Learn how to configure SP-Istio Agent for your specific use cases.

Before You Begin

  • Complete Account Setup to get your public key
  • Have your minimal.yaml configuration file ready
  • Basic understanding of YAML and regular expressions

Overview

This guide covers:

  • Understanding the configuration structure
  • Setting up collection rules
  • Configuring service discovery
  • Advanced configuration options

Configuration Structure

The SP-Istio Agent configuration is defined in a minimal.yaml file that contains three main components:

1. WasmPlugin Resource

The core component that loads the SP-Istio Agent into Istio's Envoy proxies:

yaml
apiVersion: extensions.istio.io/v1alpha1
kind: WasmPlugin
metadata:
  name: sp-istio-agent
  namespace: istio-system
spec:
  url: oci://docker.io/softprobe/softprobe:latest
  pluginConfig:
    # Your configuration goes here

2. EnvoyFilter Resource

Configures Envoy proxy settings for optimal performance:

yaml
apiVersion: networking.istio.io/v1alpha3
kind: EnvoyFilter
metadata:
  name: sp-istio-agent-config
  namespace: istio-system
spec:
  configPatches:
    # Envoy-specific configurations

3. Network Resources

Defines network policies and service discovery settings.

Core Configuration Options

Basic Settings

FieldTypeDescriptionDefault
public_keystringYour Softprobe public keyRequired
sp_backend_urlstringSoftprobe collection endpointhttps://o.softprobe.ai
service_namestringOverride service name detectionAuto-detected

Example Basic Configuration

yaml
pluginConfig:
  public_key: "your-public-key-here"
  sp_backend_url: "https://o.softprobe.ai"
  traffic_direction: "server"
  collectionRules:
    http:
      server:
        - path: ".*"

TIP

Always start with the basic configuration and gradually add collection rules based on your specific needs.

🎯 Collection Rules

Collection rules define what traffic to capture and analyze. They support both SERVER (inbound) and CLIENT (outbound) modes through the traffic_direction setting.

Rule Structure

For SERVER mode (inbound traffic):

yaml
pluginConfig:
  traffic_direction: "server"
  collectionRules:
    http:
      server:
        - path: ".*" # Regex pattern for URL paths

For CLIENT mode (outbound traffic):

yaml
pluginConfig:
  traffic_direction: "client"
  collectionRules:
    http:
      client:
        - host: ".*" # Regex pattern for hostnames
          paths: [".*"] # List of regex patterns for paths

SERVER Mode Rules

Capture inbound requests to your services:

yaml
pluginConfig:
  traffic_direction: "server"
  collectionRules:
    http:
      server:
        # Capture all API endpoints
        - path: "/api/.*"
        # Capture specific endpoints
        - path: "/health"
        - path: "/metrics"
        - path: "/api/v1/users"

CLIENT Mode Rules

Capture outbound requests from your services:

yaml
pluginConfig:
  traffic_direction: "client"
  collectionRules:
    http:
      client:
        # Capture all outbound requests to any host
        - host: ".*"
          paths: [".*"]
        # Capture specific API calls to external services
        - host: ".*\\.googleapis\\.com"
          paths: ["/maps/api/.*", "/drive/v3/files"]
        # Capture requests to specific service
        - host: "my-api\\.com"
          paths: ["/api/.*"]

Collection Rules Explained (collectionRules)

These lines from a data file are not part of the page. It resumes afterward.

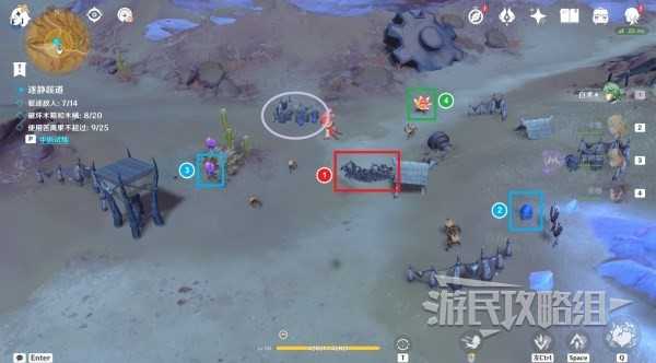 然后对荆棘⑤投放苦离果将荆棘烧掉,等花团⑥前方的4个丘丘人处于一条直线上时,再对花团⑥投放苦离果驱逐4个丘丘人。周围紫色圈出的木桶和箱子等最后破坏数量不足时可以再回来补漏。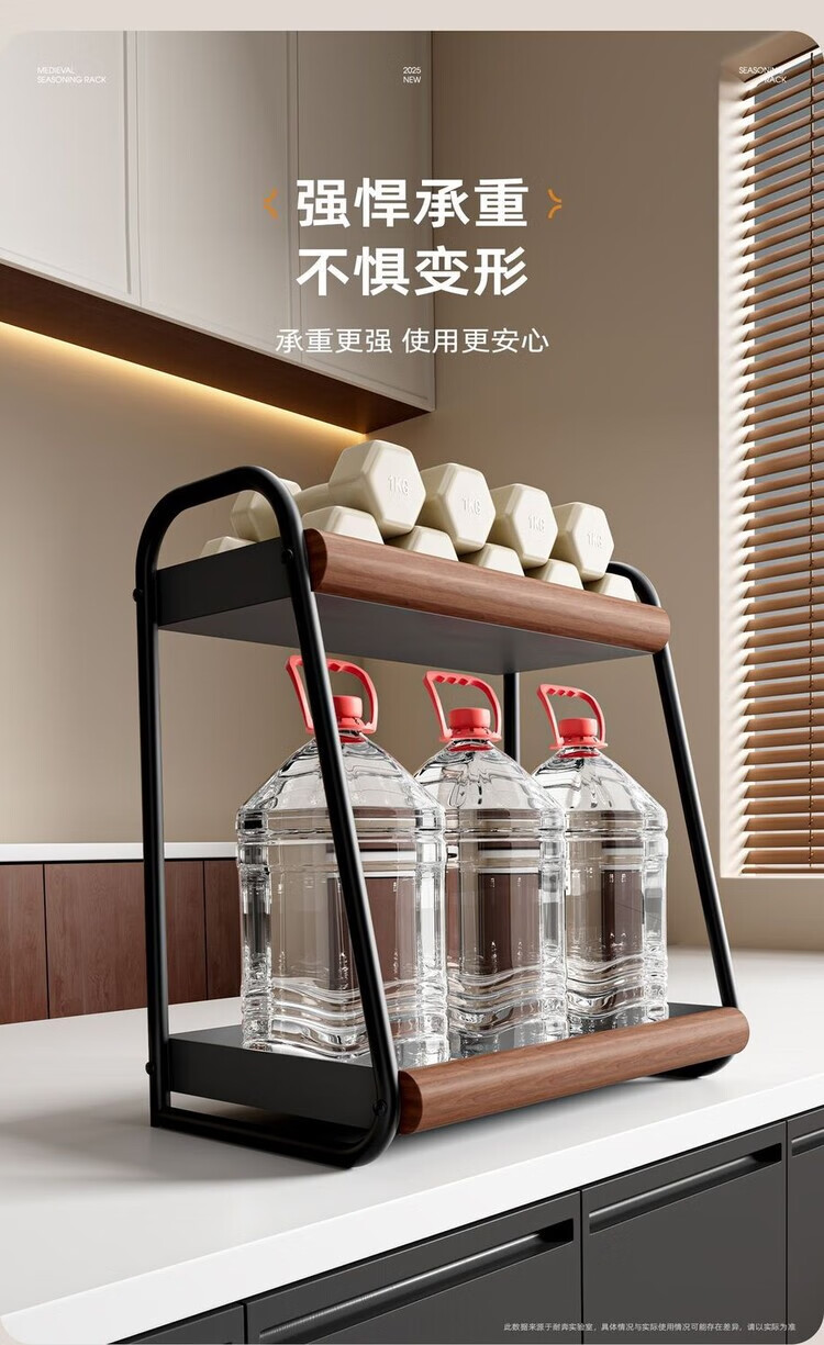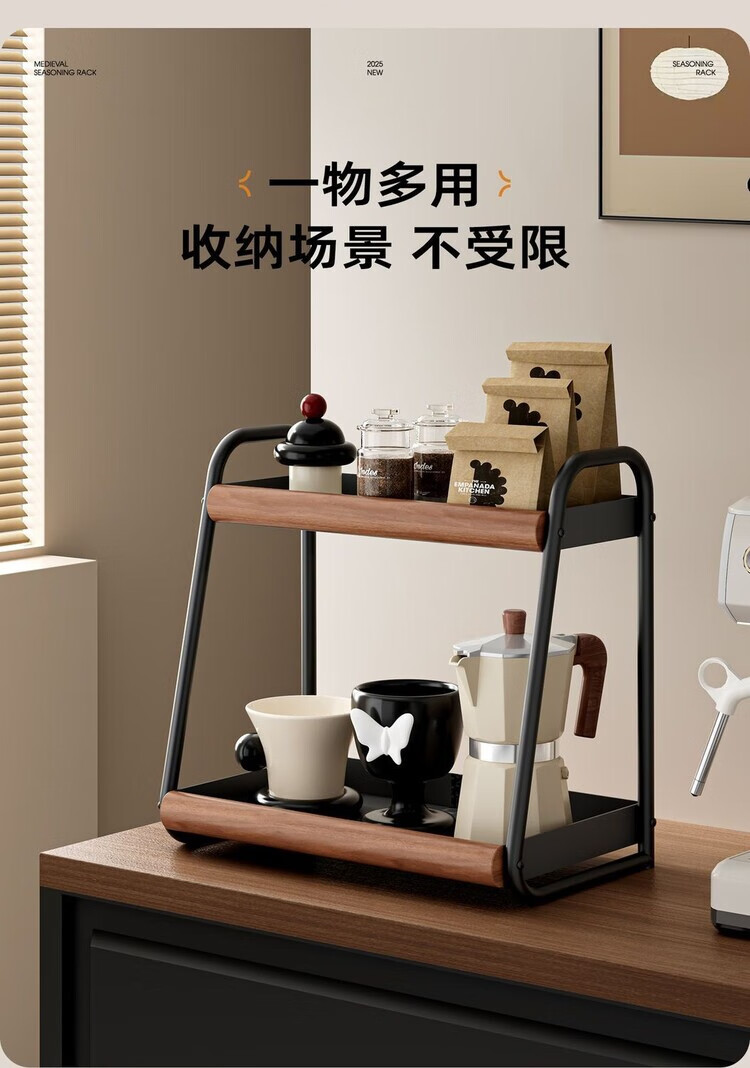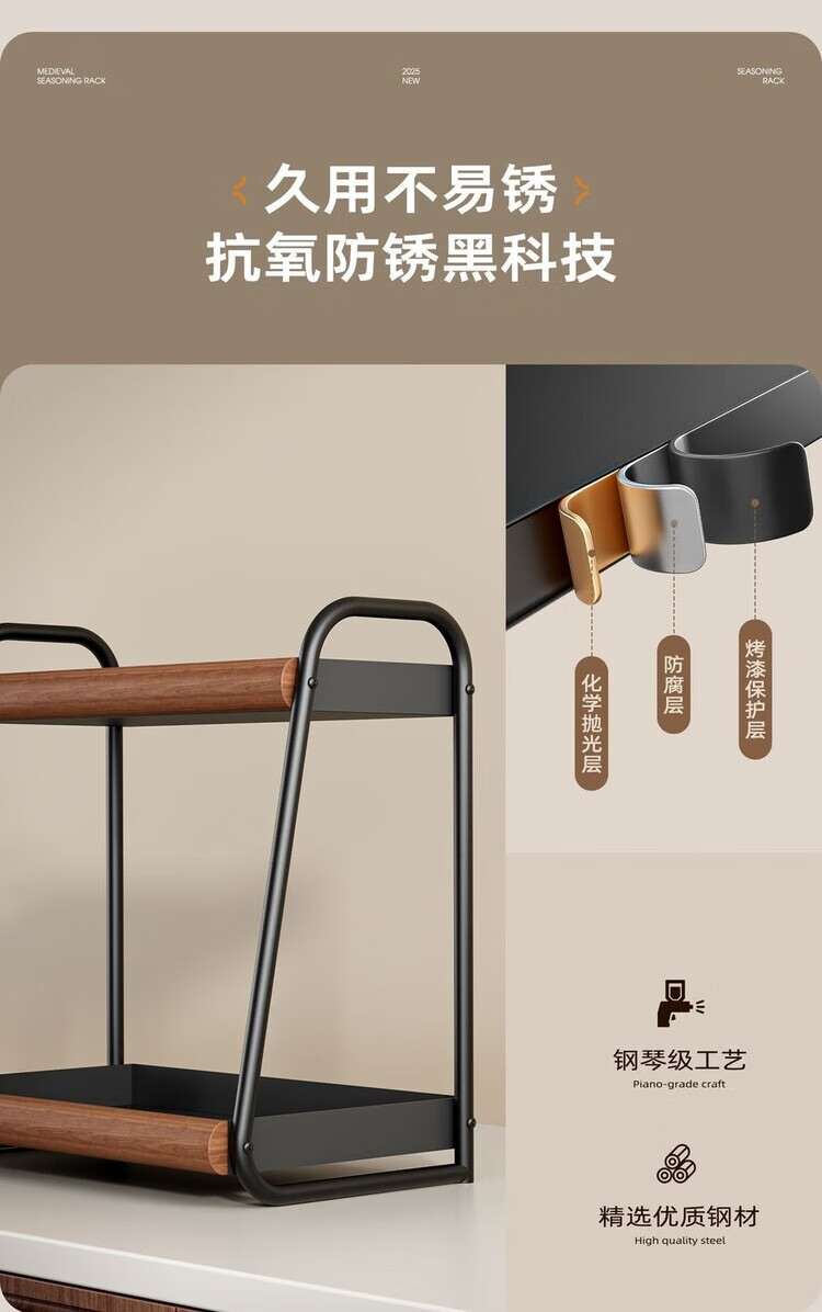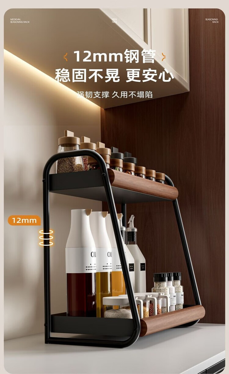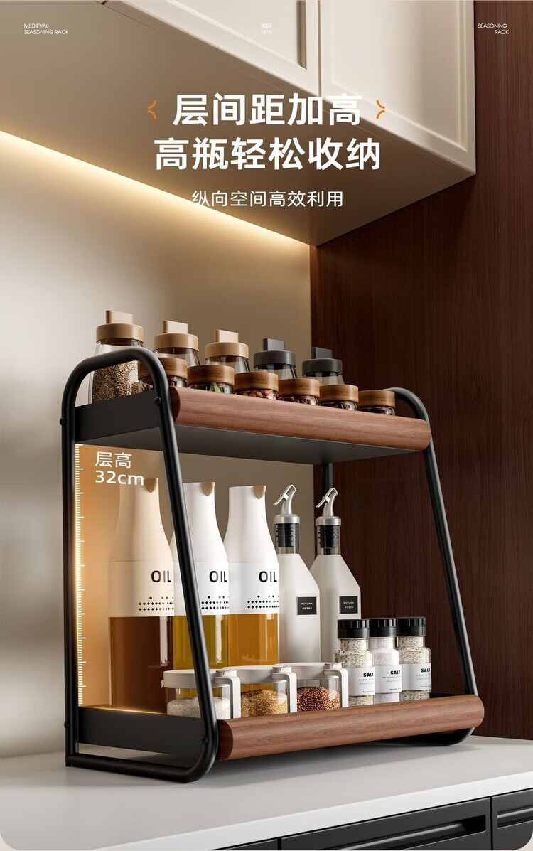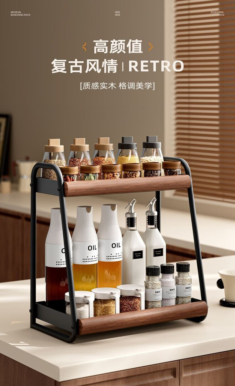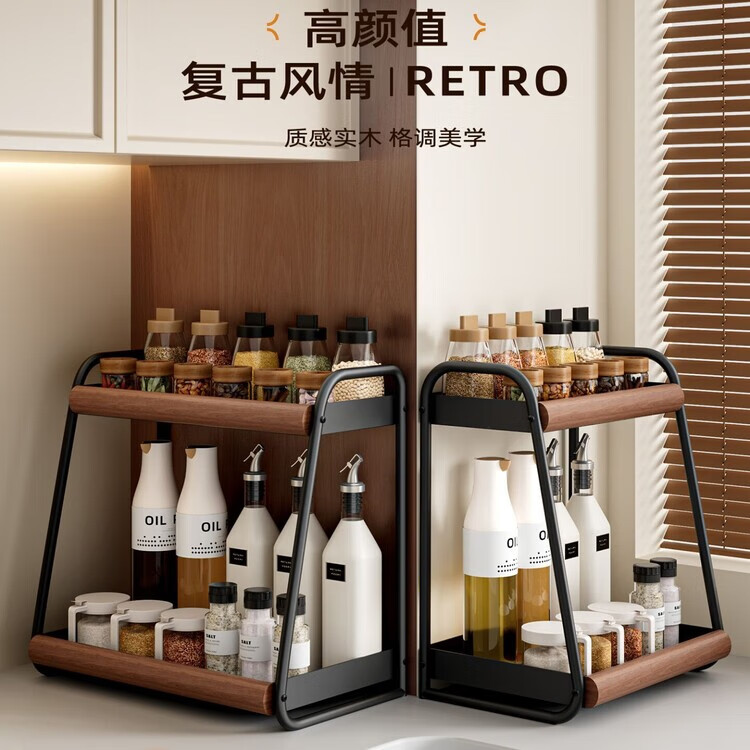 简漾调料品置物架厨房双层家用台面多功能调味料放油盐酱醋的收纳架子 30cm-双层中古风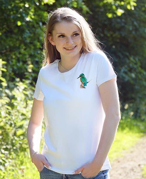 Ce T-shirt BirdLife avec son motif de Martin-pêcheur provient d'une fabrication durable. Il est en 100 % coton Bio, fabriqué dans l'UE, transport avec compensation de CO2 (myclimate). Unisexe (Le t-shirt en taille S est également disponible en version cintrée pour les femmes)
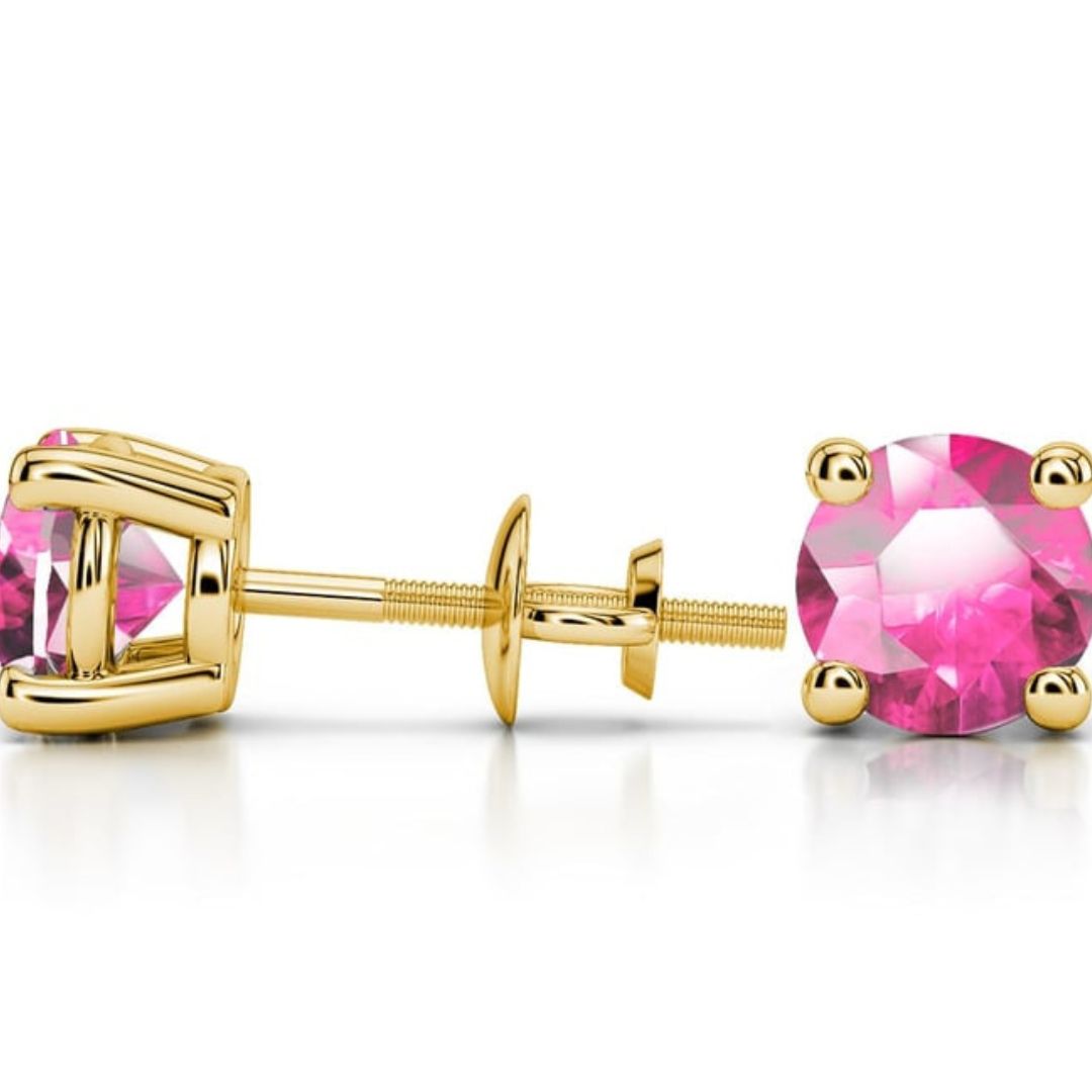 0.45Ct Sapphire Pink Round Solitaire Studs Earring in Yellow Gold
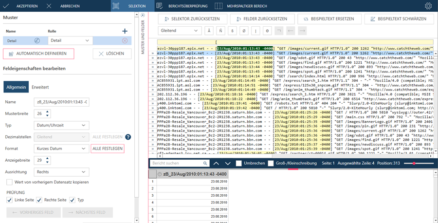 Da die Daten in diesem Bericht immer an der gleichen Stelle erscheinen, würde es verhältnismäßig einfach sein, einen Selektor zum Erfassen aller Okkurrenzen eines dieser Felder zu definieren. Es gibt jedoch auch Berichte mit ungleichmäßiger Datenplatzierung, bei denen in diesem Fall kein Standardselektor verwendet werden könnte. Im nachstehenden Bericht beginnen die Datum-/Uhrzeitfelder (z. B. 23/Aug/2008:...) an unterschiedlichen horizontalen Positionen.

collectionRules is the most central and flexible configuration item in the SP-Istio Agent. It allows you to precisely define which HTTP traffic to collect, thus avoiding unnecessary data reporting, saving costs, and improving efficiency.

Using Regular Expressions

In all collection rules, the values of the path, host, and paths fields are regular expressions (Regex). This provides you with powerful matching capabilities.

  • To match everything, use .*.
  • For an exact match, write the string directly, for example, "/api/users".
  • To match a specific pattern, use regex syntax, for example, "/api/v[0-9]+/items" can match /api/v1/items and /api/v2/items.

Service Discovery: Automatically Identifying Your Services

In a complex microservices environment, accurately identifying each service is crucial. The SP-Istio Agent achieves this through an EnvoyFilter named inject-app-name-header.

This EnvoyFilter executes a small piece of Lua script before processing each request. The sole purpose of this script is to find the name of the current service and add it to a special HTTP header, x-sp-service-name.

How does it work?

The script sequentially attempts to get the service name from several common Kubernetes environment variables, such as OTEL_SERVICE_NAME, APP_NAME, SERVICE_NAME, or by parsing it from POD_NAME. This multi-source approach greatly improves the accuracy of automatic service identification, and you usually do not need any additional configuration.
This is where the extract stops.